Three fintech learnings from the Wirecard scandal

Adrian Klee
Ross Republic Thinking
3 min readJul 1, 2020

The headlines just kept coming last week. Wirecard postponed the disclosure of its annual report again, after its auditor EY couldn’t verify the existence of ca. $2 billion in foreign escrow accounts. Shortly after, the CEO Markus Braun was arrested and the company filed for bankruptcy. This left many of its business customers, mainly other fintechs and neobanks, searching for new providers. In this post, we share our three key learnings from the affair.

We’re sure by now you have read the countless headlines about the German fintech Wirecard. While there will be more headlines coming up, it will take time until the public gets full transparency on what really happened behind the scenes to keep such a massive accounting fraud going for years.

This post is about what other digital banking providers and fintechs can learn from what happened at Wirecard.

First, establish a compliance culture

It’s important to understand the “fin” in fintech.

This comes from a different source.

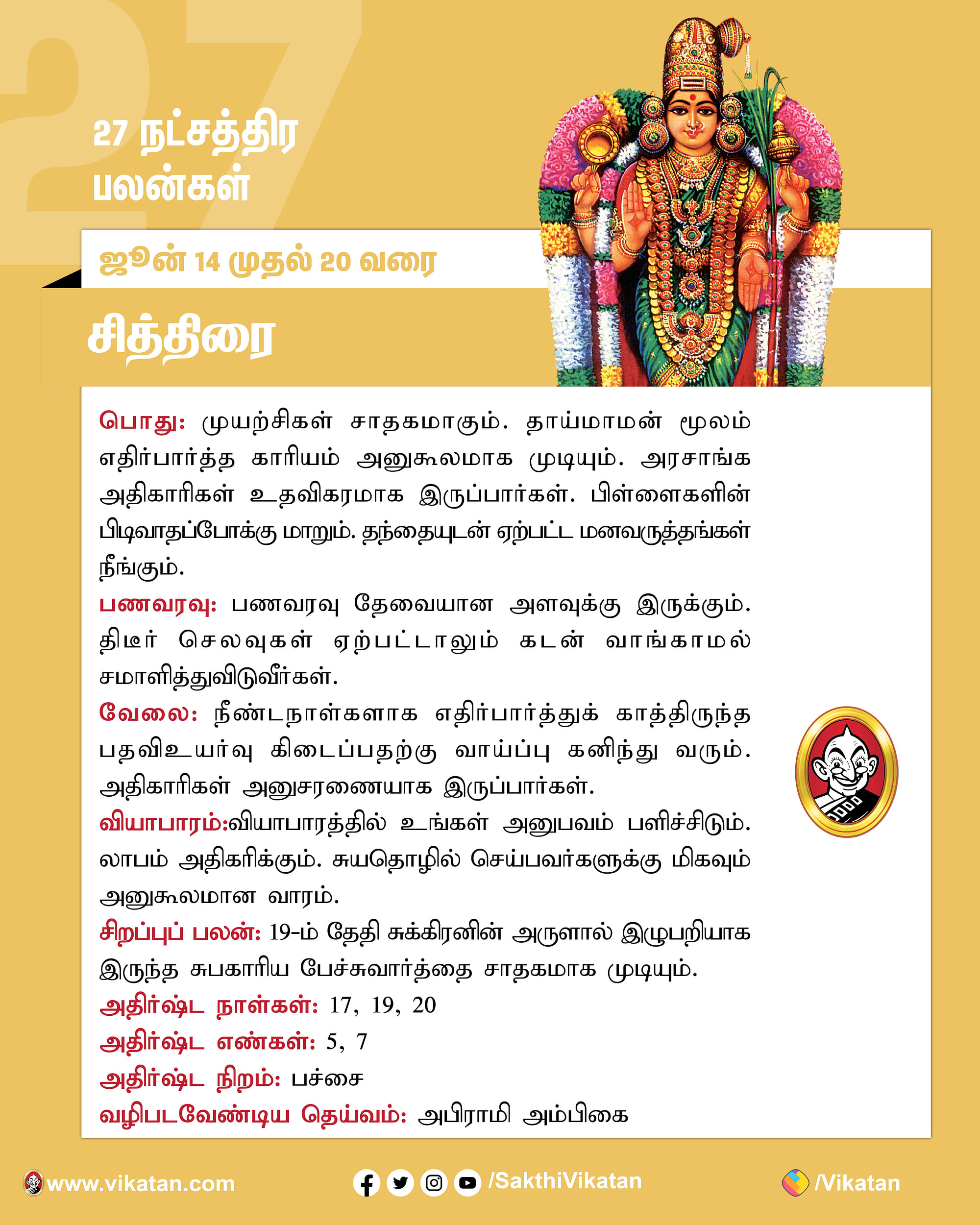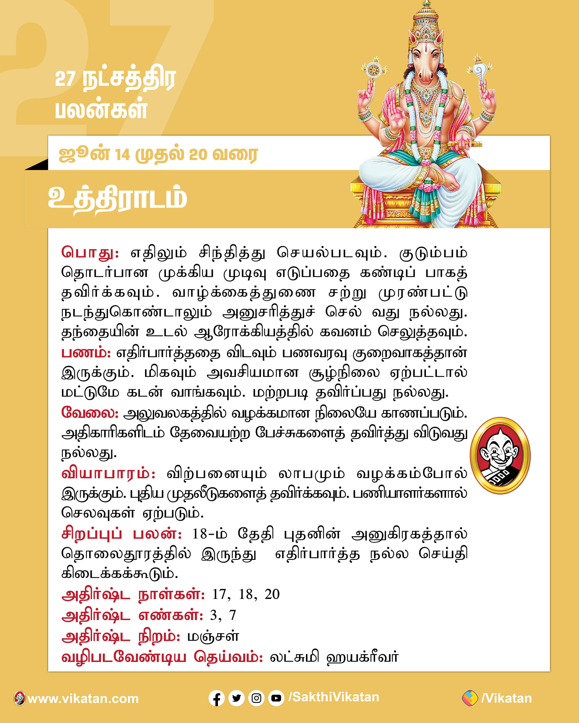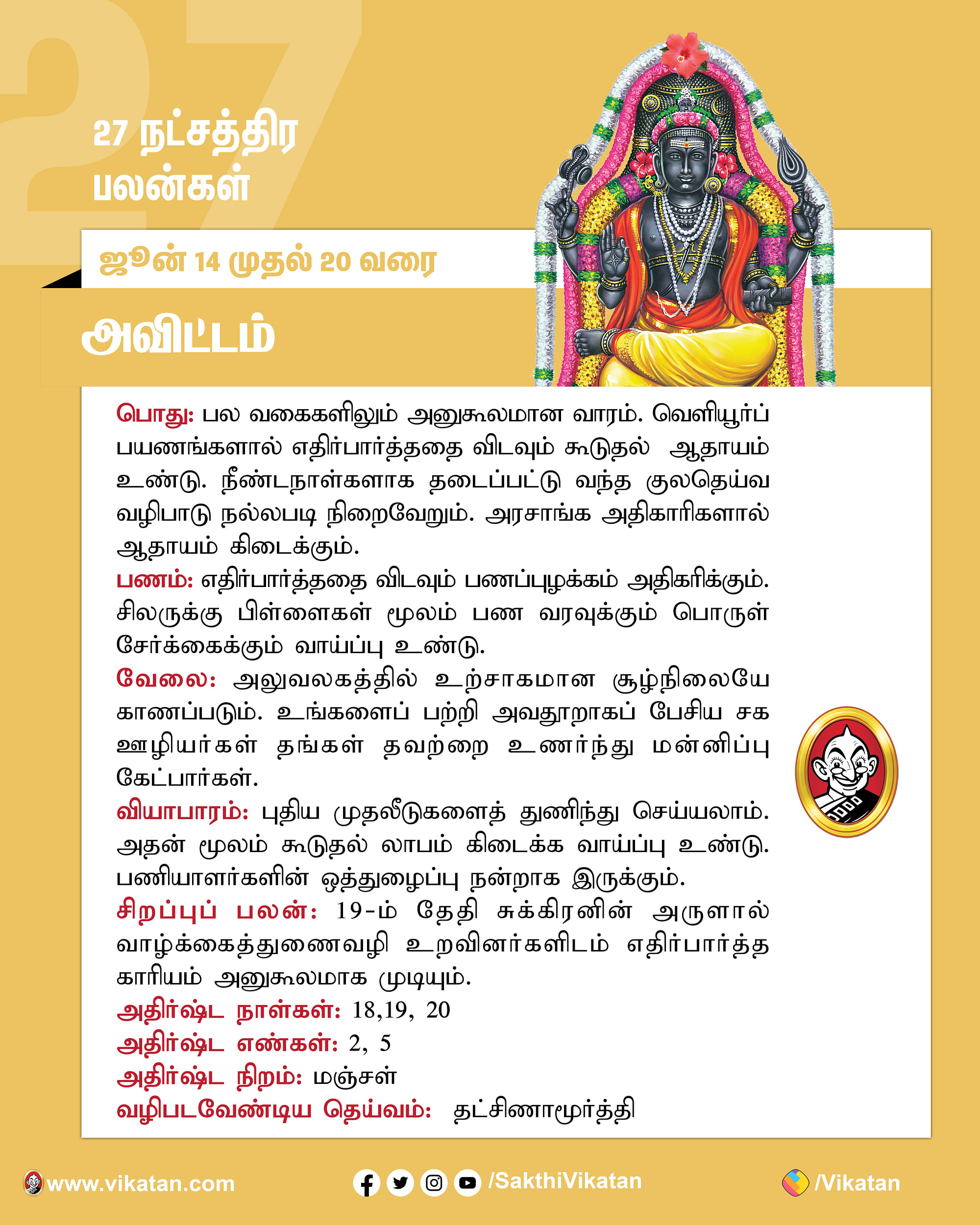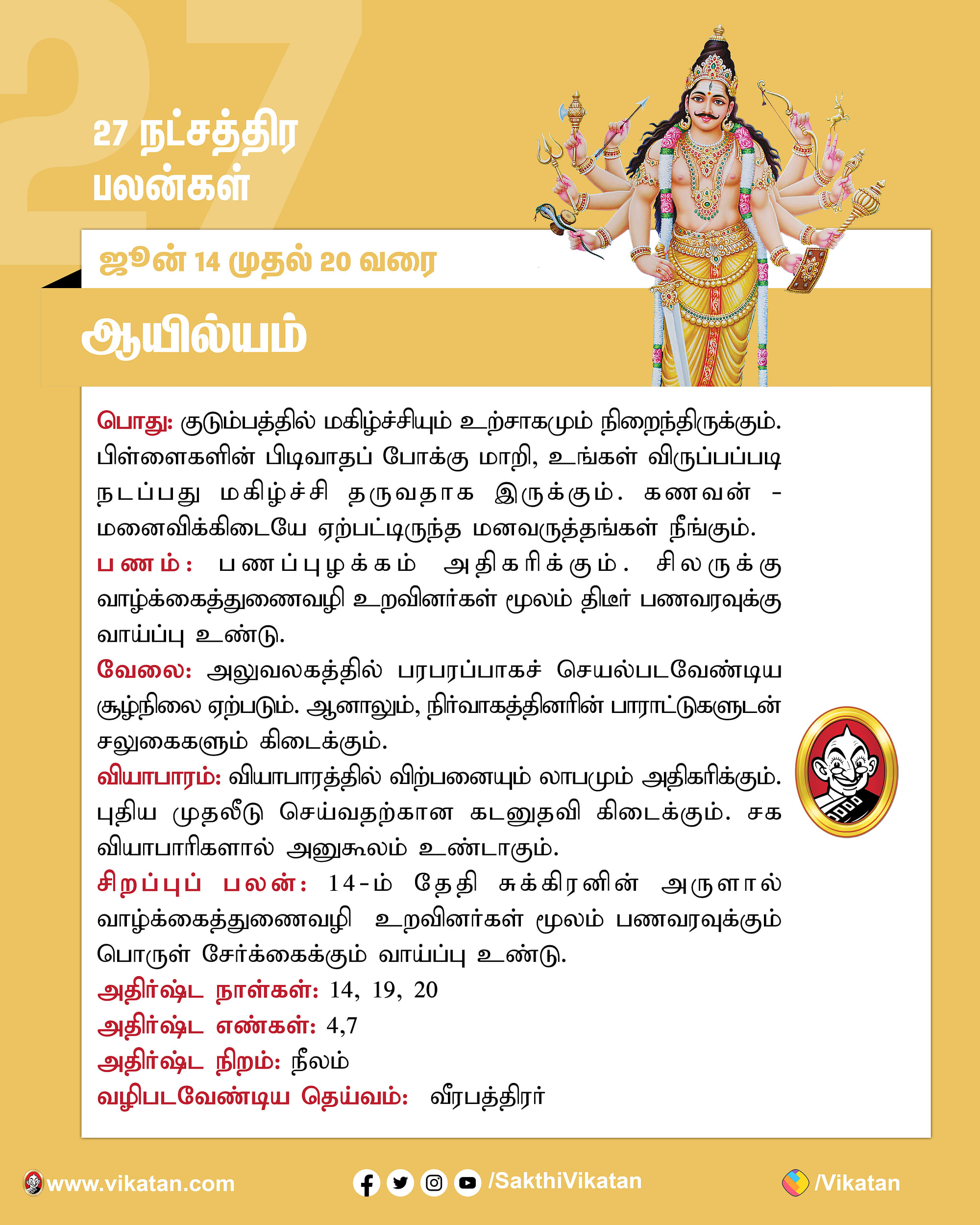 நட்சத்திரப் பலன்கள்: ஜூன் 14 முதல் 20 வரை #VikatanPhotoCards June 14, 2024 by விகடன் அசுவினி பரணி கிருத்திகை ரோகிணி மிருகசீரிடம் திருவாதிரை புனர்பூசம் பூசம் ஆயில்யம் மகம் பூரம் உத்திரம் அஸ்தம் சித்திரை சுவாதி விசாகம் அனுஷம் கேட்டை மூலம் பூராடம் உத்திராடம் திருவோணம் அவிட்டம் சதயம் பூரட்டாதி உத்திரட்டாதி ரேவதி Source link

Most banking or payment related services are regulated by the respective local banking authorities. Compliance, anti-money-laundering, and fraud prevention are therefore essential issues that any company entering financial services needs to take into account. In the past, new entrants have shown that it’s not easy to get this right:

One of the first functions that neobanks have to set up are therefore compliance related. New regtech service providers, such as ComplyAdvantage or Hawk.ai, support small compliance teams with building up efficient, digital compliance processes. However, compliance is more than just reporting frameworks and procedures. It’s mission-critical that fintechs, as regulated entities, embed responsibility into their cultural code. This begins with how the leadership team behaves, down to individual incentive structures.

Second, scale responsibly

Scaling up is an integral part of VC-funded growth models. However, maybe it’s time to rethink this playbook when it comes to fintech or neobank startups. In fintech, you should only grow as fast as your compliance capabilities allow it. Otherwise, it can fire back quickly. For instance, the German financial regulator (BaFin) issued an order on the prevention of money laundering and terrorist financing against N26. Specifically, it instructed the neobank to:

  • remove backlogs in IT monitoring,
  • establish process descriptions and workflows in writing,
  • reidentify a specified number of existing customers.

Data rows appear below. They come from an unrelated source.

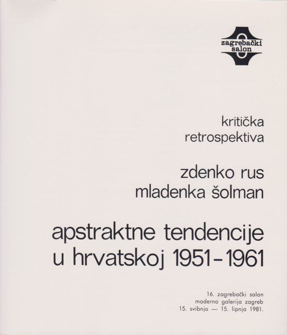 Zdenko Rus, Mladenka Šolman: APSTRAKTNE TENDENCIJE U HRVATSKOJ 1951-1961, Moderna galerija, Zagreb 1981.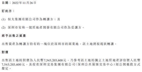 11月28日晚,恒大公告称,11月26日,深圳湾总部地块转让给深圳市安和一号房地产开发有限公司。
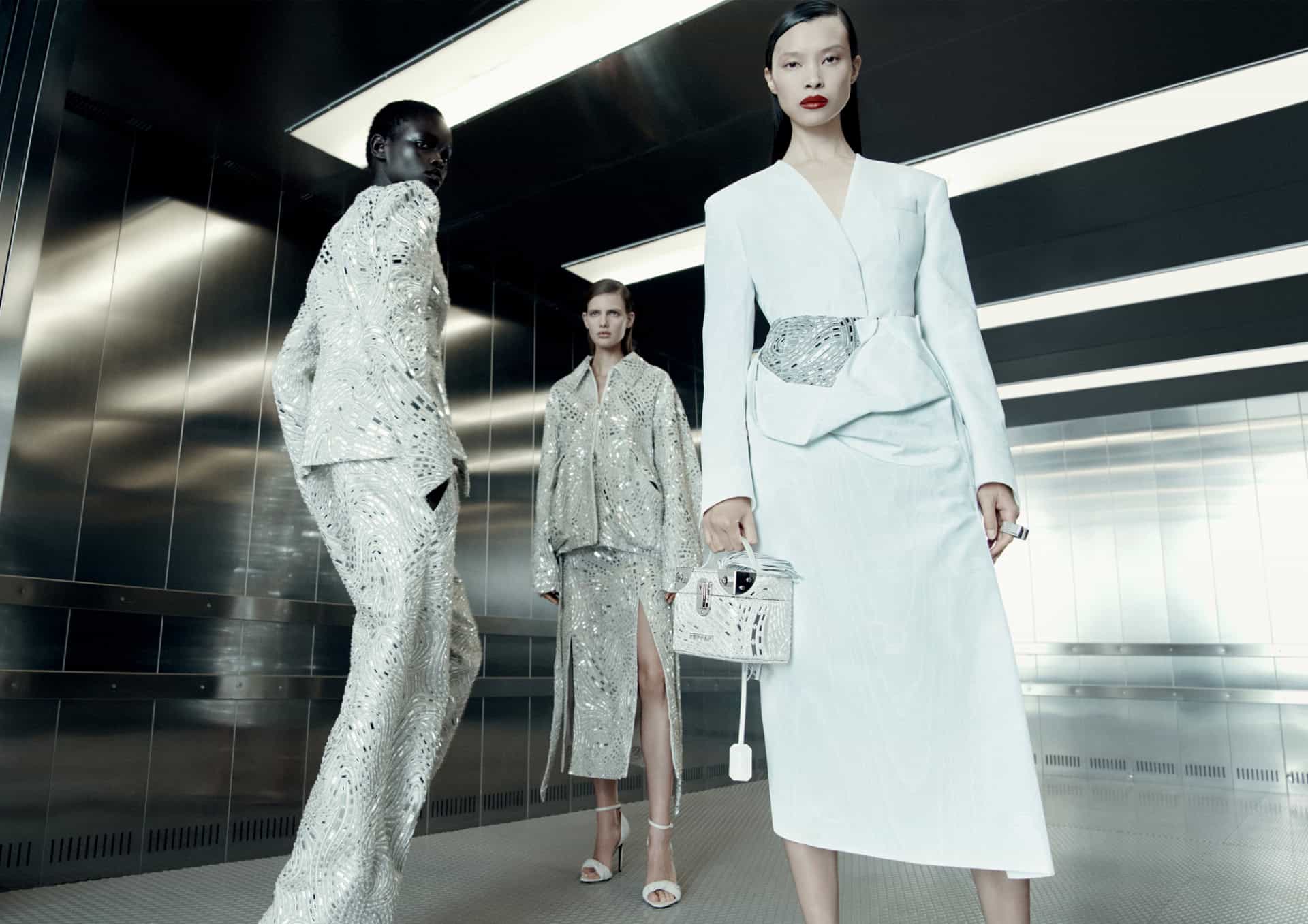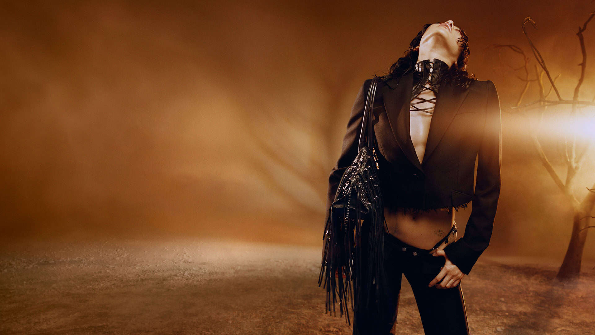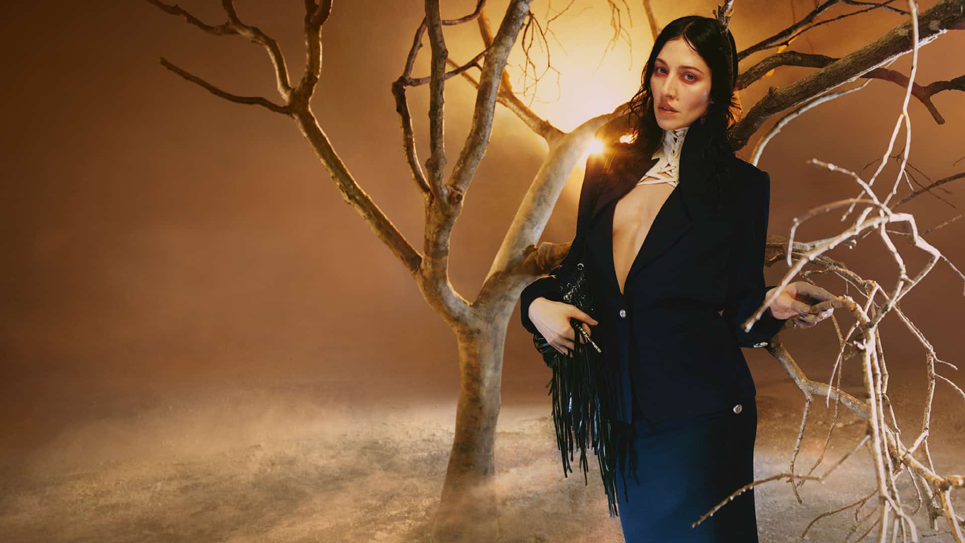 Seán McGirr loves a horror story. Whether it’s diving into the legend of the banshee or most recently, for McQueen spring 2026, taking inspiration from The Wicker Man, a tale about a religious policement searching for a missing child in a remote Celtic pagan vilage. That haunting backdrop serves as the perfect setting for the accompanying ad campaign. Photographed and directed by Harley Weir, the images capture musicians Caroline Polachek, Celeste and Amy Taylor alongside models Alex Consani and Sora Choi. Set within a scorched earth looking world, it’s an exploration of the tension between nature and urban landscapes, mirroring the collection’s contrasts.

Sure, everyone wants growth, but you need to make sure that you do it in a way that you can look yourself in the mirror every day.

Third, make sure your KYC process works

The example above also shows the importance of know-your-customer (KYC) procedures. Usually, this is the first step for any user when establishing a relationship with your service. As soon as you offer services directly to end-customers, it’s essential to identify and monitor users according to the applicable regulations and laws. These procedures can become complicated once your service goes international, as different countries currently have adopted their own approaches to meet the requirements of the financial regulatory frameworks related to KYC.

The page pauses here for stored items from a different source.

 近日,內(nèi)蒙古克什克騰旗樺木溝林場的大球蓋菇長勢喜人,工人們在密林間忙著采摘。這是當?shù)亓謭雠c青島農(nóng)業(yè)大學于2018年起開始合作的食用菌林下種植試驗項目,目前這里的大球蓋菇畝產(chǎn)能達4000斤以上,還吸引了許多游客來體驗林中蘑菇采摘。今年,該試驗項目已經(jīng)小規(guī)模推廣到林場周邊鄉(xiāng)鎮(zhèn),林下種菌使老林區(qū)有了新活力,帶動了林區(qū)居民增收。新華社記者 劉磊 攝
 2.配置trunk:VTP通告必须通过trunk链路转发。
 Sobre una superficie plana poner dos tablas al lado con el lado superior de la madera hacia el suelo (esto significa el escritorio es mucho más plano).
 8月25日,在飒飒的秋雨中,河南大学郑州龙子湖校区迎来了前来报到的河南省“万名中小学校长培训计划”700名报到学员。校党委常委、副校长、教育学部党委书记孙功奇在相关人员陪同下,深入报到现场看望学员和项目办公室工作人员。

Luckily, there are outsourcing partners that enable fast and efficient online KYC methods, such as IDnow. The Swedish fintech unicorn Klarna also recently launched its own whitelabel global customer authentication platform.

If you want to make sure that this won’t happen to you, feel free to contact us. We are more than happy to help out. In case you’re a fintech company currently looking for a new provider after the Wirecard collapse, check out our initial list here:

Adrian & Mikko (Fintech Advisor to Ross Republic)

Originally published at https://rossrepublic.com.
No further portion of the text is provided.